Nikos Spanoudakis is an Assistant Professor at the Department of Electronic Engineering of Hellenic Mediterranean University , with concurrent research collaboration at Technical University of Crete . He holds a PhD in Computer Science (Artificial Intelligence) from Paris Descartes University (2009, "Très Honorable"), an MSc in Organization and Administration from Technical University of Crete, and a Diploma in Computer Engineering and Informatics from University of Patras. Research Focus: Multi-Agent Systems (AOSE, Computational Argumentation), Model-Driven Engineering , Smart Buildings , IoT , and Artificial Intelligence Applications in Ambient Intelligence, Finance, and Education Key Contributions: Created ASEME Methodology and AMOLA Language for agent modeling, developed Gorgias-B argumentation framework, and designed Kouretes Statechart Editor for robotic behavior specification His recent publications reveal a strong trend in Explainable AI (2023: Explainable Argumentation as a Service ), Smart Energy Systems (2025: Engineering IoT-Based Open MAS for Large-Scale V2G/G2V ), and EdTech Innovations (2024: Role Assignment in Programming Courses ).
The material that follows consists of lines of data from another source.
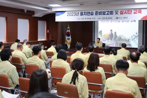 [½Åµ¿¾Æ¹æ¼Û ÇÔ¾È=À̽ŵ¿±âÀÚ]ÇԾȱºÀº 14ÀÏ ¿ÀÈÄ 3½Ã ±ºÃ» 3Ãþ ´ëȸÀǽǿ¡¼­ 2023³â À»Áö¿¬½À Áغñº¸°íȸ¸¦ °³ÃÖÇß´Ù. À̳¯ Áغñº¸°íȸ¿¡´Â Á¶±ÙÁ¦ ±º¼ö¸¦ ºñ·ÔÇØ °£ºÎ°ø¹«¿øµé°ú À»Áö¿¬½À ½Ç½Ã´Ü 100¿© ¸íÀÌ Âü¿©ÇØ Áغñ»çÇ×À» Á¡°ËÇÏ°í ¸·¹ÙÁö ¿¬½À Áغñ¿¡ ¹ÚÂ÷¸¦¡¦
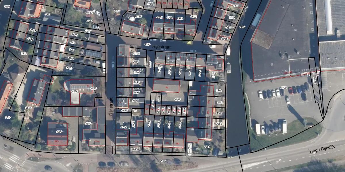 Rijnstraat 6-A is gelegen op kadastraal perceel ZTW01B4549. Deze kadastrale aanduiding is uniek en wordt gebruikt door het Kadaster om eigendomsrechten en andere zakelijke rechten vast te leggen. Het perceel maakt onderdeel uit van de kadastrale gemeente Zoeterwoude.
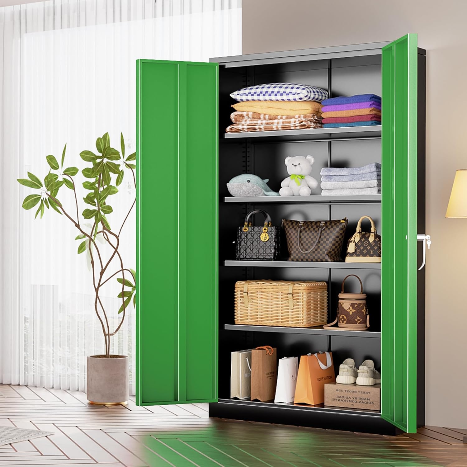 - 【Large space storage】:Intergreat new 2025 upgraded oversized metal file cabinet, 72 X 32 X 16 inch huge black green metal storage cabinet can meet most storage needs. The lockable steel garage storage system cabinet with two doors comes with four removable shelves to hold different-sized items as needed. Tool steel storage cabinets are a good choice for businesses.
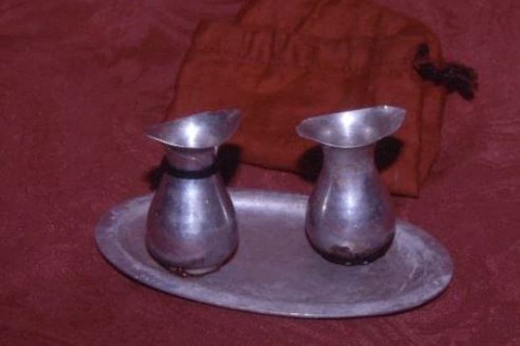Ensemble en aluminium pour le lavement des mains, comprenant un plateau ovale et deux burettes.
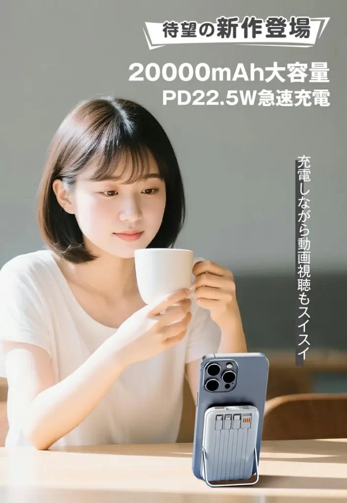 - 20000mAhの大容量を誇り、長時間の外出や旅行でも安心してご利用いただけます。
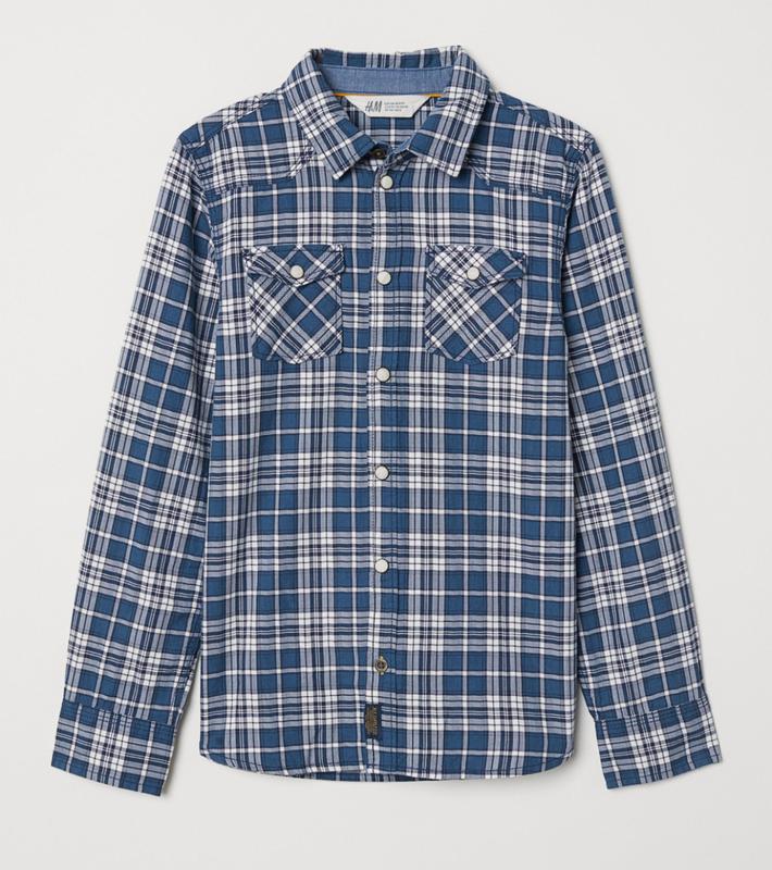 Сорочка з пестротканого бавовняного твілу з відкладним коміром, застібкою на кнопки спереду, кокеткою на спинці і довгими рукавами з накладками на ліктях і манжетами із застібкою на кнопку. Нагрудні кишені з клапаном і злегка округлений низ. СоставХлопок 100%
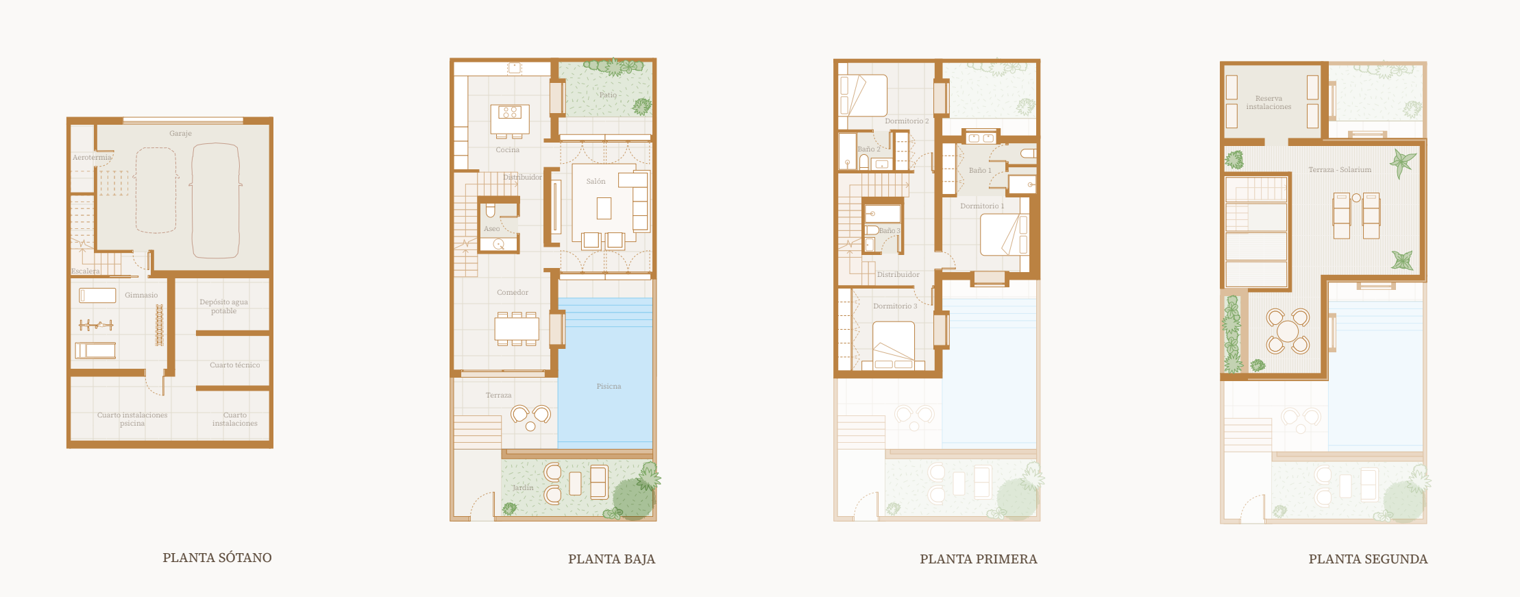 On the ground floor, you will find an open space living area with floor-to-ceiling sliding doors, a kitchen (18m² and colors to be customized), and direct access to your garden (~80–90m²) and private saltwater pool (30–33m²). On the rooftop, a 44m² solarium finished with Porcelanosa wood-effect tiles invites sunsets, stargazing with a glass of wine, or family dinners.
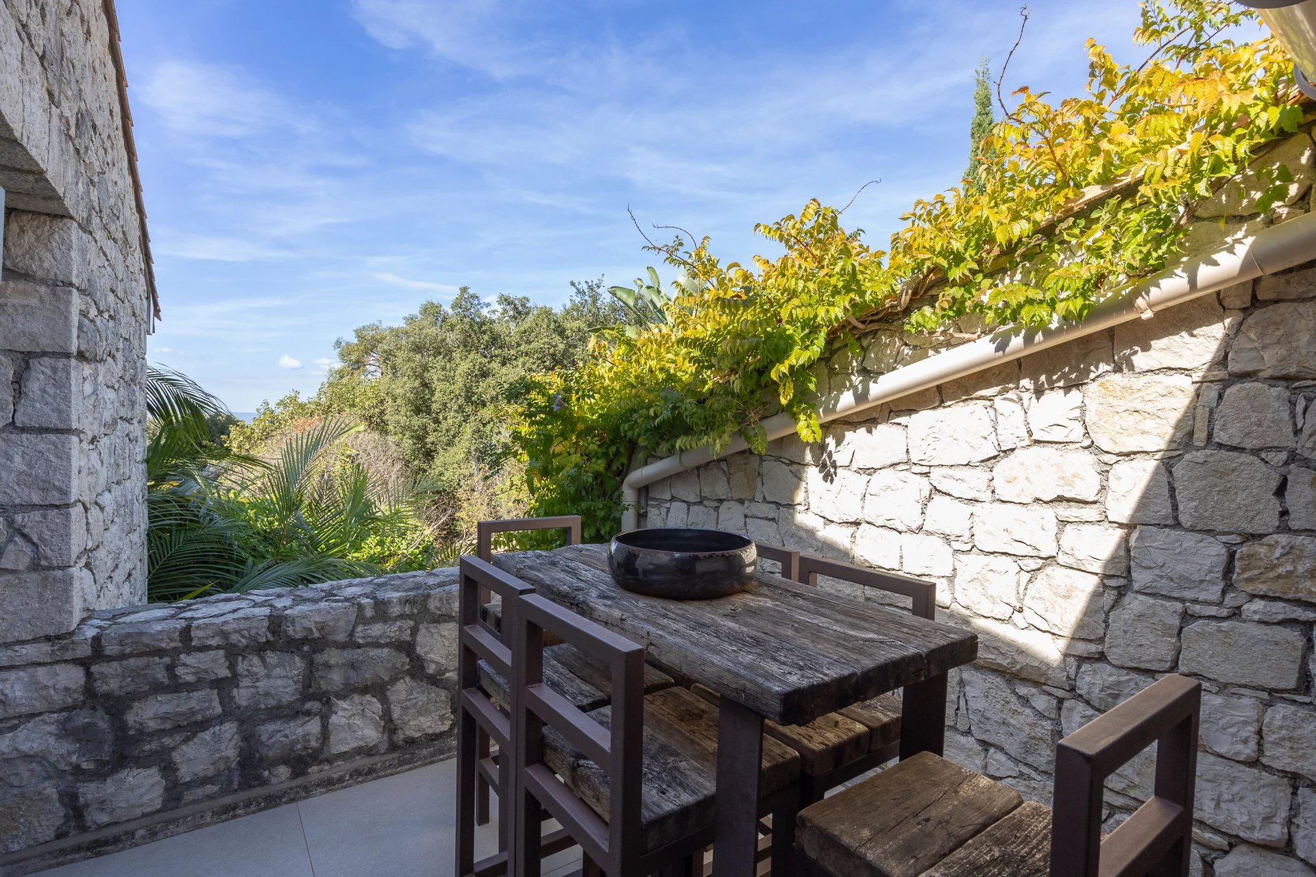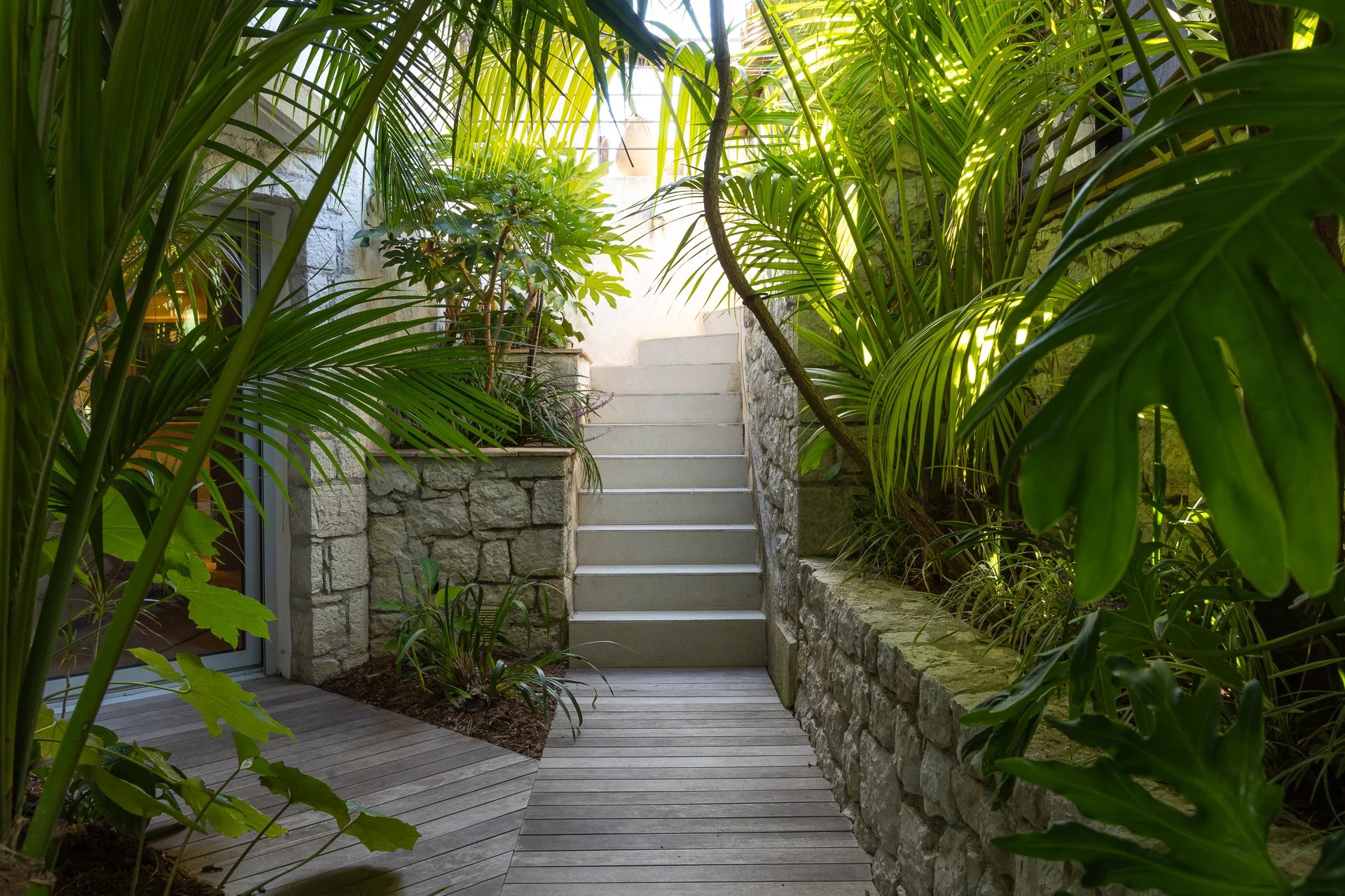 The private garden, a true tropical oasis, features a heated saltwater pool surrounded by lush vegetation reminiscent of Bali landscapes. The exterior stone walls bring an authentic touch and intimacy to this exceptional outdoor space.

He has received prestigious ACM Senior Member (2023) and IEEE Senior Member (2012) distinctions, along with teaching recognition (2021) from Technical University of Crete. Academic Leadership: Serves as Editor for Springer Nature's Computer Science journal and has reviewed for 15+ top-tier publications including IEEE Intelligent Systems and Journal of Web Semantics Conference Involvement: Program Committee Member for 20+ international conferences (IJCAI, ECAI, AAMAS, AAAI) and organizer of multiple European Agent Systems Summer Schools
National and Kapodistrian University of AthensGreece
Kaliakatsos Papakostas Maximos is an Associate Professor in AI in Music at the Department of Music Technology and Acoustics, Hellenic Mediterranean University, where he also directs the MSc program in Sound and Music Technologies. He collaborates with the Athena Research and Innovation Centre and the Cognitive and Computational Musicology Group at Aristotle University of Thessaloniki. His research focuses on computational creativity, neural networks in music understanding, evolutionary algorithms for harmony and rhythm generation, and interactive music systems. He develops applications like Genius Jam Tracks and contributes to open-source projects such as the CHAMELEON harmonisation system. His work bridges music theory, AI, and technology, with applications in mobile music tools and cognitive modeling. Research Interests : Computational Creativity through Machine Learning and Conceptual Blending Neural Networks in Music Generation and Analysis Evolutionary Computation for Musical Structures Human-Computer Interactive Systems for Improvisation Cognitive Models of Musical Perception Labs & Collaborations : Collaborating Researcher at Athena Research Centre Partnership with the Cognitive and Computational Musicology Group (Aristotle University) Development of open-source tools like CHAMELEON and GCT_py Grants & Projects : Not explicitly listed in provided texts, but his GitHub activity suggests ongoing research in AI music technologies.